DATA FOR ANALYSIS:

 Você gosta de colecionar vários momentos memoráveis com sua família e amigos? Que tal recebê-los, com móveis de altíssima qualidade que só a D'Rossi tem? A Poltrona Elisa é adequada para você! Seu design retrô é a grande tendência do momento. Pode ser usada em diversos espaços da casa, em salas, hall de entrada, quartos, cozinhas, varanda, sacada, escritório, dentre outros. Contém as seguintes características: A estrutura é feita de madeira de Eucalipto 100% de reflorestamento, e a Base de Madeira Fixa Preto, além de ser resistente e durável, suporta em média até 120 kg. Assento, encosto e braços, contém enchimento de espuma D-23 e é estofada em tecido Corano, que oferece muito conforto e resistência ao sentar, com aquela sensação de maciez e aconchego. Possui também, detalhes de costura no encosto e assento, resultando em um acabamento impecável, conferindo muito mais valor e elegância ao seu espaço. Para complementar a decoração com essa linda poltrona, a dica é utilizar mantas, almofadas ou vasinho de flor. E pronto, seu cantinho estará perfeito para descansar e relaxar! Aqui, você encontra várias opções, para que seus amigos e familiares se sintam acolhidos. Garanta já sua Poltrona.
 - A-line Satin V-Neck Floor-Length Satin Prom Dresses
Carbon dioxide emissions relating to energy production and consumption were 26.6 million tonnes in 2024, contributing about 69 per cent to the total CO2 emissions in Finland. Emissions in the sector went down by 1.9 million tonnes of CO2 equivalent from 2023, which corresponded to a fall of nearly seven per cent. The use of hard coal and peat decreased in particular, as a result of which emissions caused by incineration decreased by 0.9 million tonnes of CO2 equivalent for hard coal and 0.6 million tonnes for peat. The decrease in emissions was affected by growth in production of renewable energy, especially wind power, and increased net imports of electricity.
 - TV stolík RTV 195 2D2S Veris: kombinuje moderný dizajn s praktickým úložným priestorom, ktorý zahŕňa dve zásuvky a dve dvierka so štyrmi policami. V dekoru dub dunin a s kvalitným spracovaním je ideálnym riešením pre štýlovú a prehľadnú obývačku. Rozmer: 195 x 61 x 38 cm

--

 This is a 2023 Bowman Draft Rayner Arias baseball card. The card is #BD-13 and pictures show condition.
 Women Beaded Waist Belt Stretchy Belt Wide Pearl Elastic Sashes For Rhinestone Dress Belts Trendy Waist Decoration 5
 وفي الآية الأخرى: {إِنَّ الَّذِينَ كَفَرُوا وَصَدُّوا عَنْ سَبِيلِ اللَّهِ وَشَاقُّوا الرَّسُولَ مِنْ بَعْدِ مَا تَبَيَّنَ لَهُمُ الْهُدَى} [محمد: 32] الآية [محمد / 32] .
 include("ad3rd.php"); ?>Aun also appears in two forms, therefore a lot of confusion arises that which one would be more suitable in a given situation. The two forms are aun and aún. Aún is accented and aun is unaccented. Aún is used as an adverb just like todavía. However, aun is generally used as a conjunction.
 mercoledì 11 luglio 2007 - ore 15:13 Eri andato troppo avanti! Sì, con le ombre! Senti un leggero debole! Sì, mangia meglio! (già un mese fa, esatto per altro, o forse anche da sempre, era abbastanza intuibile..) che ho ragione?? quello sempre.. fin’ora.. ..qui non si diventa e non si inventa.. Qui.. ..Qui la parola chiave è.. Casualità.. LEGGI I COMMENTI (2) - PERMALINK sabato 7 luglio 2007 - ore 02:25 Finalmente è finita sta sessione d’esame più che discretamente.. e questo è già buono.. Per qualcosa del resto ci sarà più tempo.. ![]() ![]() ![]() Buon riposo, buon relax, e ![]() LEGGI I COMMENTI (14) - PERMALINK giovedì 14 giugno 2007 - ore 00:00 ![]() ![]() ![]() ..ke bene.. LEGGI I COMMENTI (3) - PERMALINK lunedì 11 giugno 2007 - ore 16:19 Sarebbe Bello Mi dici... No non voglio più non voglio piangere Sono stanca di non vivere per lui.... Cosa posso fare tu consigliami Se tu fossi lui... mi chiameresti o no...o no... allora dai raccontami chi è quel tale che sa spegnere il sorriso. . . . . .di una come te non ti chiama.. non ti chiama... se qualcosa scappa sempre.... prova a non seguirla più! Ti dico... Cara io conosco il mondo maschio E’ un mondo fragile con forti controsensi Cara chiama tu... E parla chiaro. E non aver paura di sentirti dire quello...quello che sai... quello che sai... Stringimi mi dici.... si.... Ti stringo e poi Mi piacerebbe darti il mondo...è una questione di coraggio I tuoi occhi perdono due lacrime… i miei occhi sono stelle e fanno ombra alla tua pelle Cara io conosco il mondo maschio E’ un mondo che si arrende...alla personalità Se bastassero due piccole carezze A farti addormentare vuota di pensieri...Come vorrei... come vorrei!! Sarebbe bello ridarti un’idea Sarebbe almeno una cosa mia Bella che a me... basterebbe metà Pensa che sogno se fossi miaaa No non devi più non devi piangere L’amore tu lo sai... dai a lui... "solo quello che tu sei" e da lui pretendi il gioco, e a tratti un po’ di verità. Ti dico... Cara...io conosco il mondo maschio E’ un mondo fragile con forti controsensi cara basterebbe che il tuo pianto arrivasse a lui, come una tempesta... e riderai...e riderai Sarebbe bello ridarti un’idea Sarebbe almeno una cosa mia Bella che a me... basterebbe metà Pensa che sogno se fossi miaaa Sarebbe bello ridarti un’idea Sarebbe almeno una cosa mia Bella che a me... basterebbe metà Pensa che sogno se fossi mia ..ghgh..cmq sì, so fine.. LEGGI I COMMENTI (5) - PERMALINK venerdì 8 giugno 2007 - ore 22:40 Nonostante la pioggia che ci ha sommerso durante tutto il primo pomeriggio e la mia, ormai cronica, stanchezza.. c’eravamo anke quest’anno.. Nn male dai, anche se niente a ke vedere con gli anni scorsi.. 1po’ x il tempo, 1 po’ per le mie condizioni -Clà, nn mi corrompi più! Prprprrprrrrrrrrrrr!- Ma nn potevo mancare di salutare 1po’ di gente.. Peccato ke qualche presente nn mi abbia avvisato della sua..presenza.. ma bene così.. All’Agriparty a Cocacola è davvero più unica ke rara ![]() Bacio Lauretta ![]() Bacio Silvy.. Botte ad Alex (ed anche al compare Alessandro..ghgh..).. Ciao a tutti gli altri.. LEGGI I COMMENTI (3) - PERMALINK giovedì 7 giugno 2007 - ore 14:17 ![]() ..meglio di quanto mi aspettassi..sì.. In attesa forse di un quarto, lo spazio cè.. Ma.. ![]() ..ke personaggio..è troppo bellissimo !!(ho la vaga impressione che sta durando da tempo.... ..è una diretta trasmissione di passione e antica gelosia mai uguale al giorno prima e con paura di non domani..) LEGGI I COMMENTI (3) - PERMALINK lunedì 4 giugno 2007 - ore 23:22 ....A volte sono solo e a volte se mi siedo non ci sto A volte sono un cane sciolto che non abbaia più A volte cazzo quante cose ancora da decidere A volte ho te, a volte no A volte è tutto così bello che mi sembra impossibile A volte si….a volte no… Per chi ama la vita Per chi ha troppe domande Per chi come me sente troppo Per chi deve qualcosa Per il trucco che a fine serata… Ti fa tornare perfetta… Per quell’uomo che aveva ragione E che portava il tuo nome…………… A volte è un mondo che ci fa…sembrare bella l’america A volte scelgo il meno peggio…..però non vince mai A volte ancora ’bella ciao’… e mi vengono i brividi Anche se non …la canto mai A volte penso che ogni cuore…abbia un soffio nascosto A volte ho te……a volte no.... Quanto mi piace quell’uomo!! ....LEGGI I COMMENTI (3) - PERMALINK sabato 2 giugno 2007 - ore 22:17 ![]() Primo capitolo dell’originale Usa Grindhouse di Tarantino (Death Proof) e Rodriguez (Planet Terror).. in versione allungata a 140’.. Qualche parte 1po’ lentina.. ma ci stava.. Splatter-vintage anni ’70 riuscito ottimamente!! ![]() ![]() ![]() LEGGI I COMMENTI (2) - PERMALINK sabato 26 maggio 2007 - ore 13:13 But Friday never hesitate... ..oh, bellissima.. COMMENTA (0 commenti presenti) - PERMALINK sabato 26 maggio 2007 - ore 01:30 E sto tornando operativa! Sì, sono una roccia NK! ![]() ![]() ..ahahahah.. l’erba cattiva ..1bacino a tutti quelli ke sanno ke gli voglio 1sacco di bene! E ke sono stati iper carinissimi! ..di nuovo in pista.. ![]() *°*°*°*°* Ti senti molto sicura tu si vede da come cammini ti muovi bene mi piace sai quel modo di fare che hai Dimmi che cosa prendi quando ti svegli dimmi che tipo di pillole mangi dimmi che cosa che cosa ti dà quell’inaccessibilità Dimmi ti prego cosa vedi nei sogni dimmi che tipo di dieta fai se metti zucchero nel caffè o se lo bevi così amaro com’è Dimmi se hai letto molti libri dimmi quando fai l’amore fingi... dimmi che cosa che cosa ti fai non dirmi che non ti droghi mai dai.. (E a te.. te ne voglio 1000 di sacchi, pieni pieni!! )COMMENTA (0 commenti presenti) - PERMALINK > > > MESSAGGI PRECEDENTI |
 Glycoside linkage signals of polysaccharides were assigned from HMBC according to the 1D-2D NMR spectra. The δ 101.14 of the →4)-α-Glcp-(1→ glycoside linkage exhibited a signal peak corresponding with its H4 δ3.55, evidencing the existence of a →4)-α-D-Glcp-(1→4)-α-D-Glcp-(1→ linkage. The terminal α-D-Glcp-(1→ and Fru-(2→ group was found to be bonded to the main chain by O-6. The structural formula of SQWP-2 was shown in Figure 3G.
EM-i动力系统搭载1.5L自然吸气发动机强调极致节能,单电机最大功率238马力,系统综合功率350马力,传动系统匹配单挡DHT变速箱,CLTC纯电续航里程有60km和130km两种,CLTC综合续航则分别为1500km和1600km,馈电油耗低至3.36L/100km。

PROBLEM DESCRIPTION:
Taking the line with "- A-line Satin" as the first and the line with "- TV stolík" as the last, retype that stretch of the data above exactly, with no other lines.

REPLY:
 - A-line Satin V-Neck Floor-Length Satin Prom Dresses
Carbon dioxide emissions relating to energy production and consumption were 26.6 million tonnes in 2024, contributing about 69 per cent to the total CO2 emissions in Finland. Emissions in the sector went down by 1.9 million tonnes of CO2 equivalent from 2023, which corresponded to a fall of nearly seven per cent. The use of hard coal and peat decreased in particular, as a result of which emissions caused by incineration decreased by 0.9 million tonnes of CO2 equivalent for hard coal and 0.6 million tonnes for peat. The decrease in emissions was affected by growth in production of renewable energy, especially wind power, and increased net imports of electricity.
 - TV stolík RTV 195 2D2S Veris: kombinuje moderný dizajn s praktickým úložným priestorom, ktorý zahŕňa dve zásuvky a dve dvierka so štyrmi policami. V dekoru dub dunin a s kvalitným spracovaním je ideálnym riešením pre štýlovú a prehľadnú obývačku. Rozmer: 195 x 61 x 38 cm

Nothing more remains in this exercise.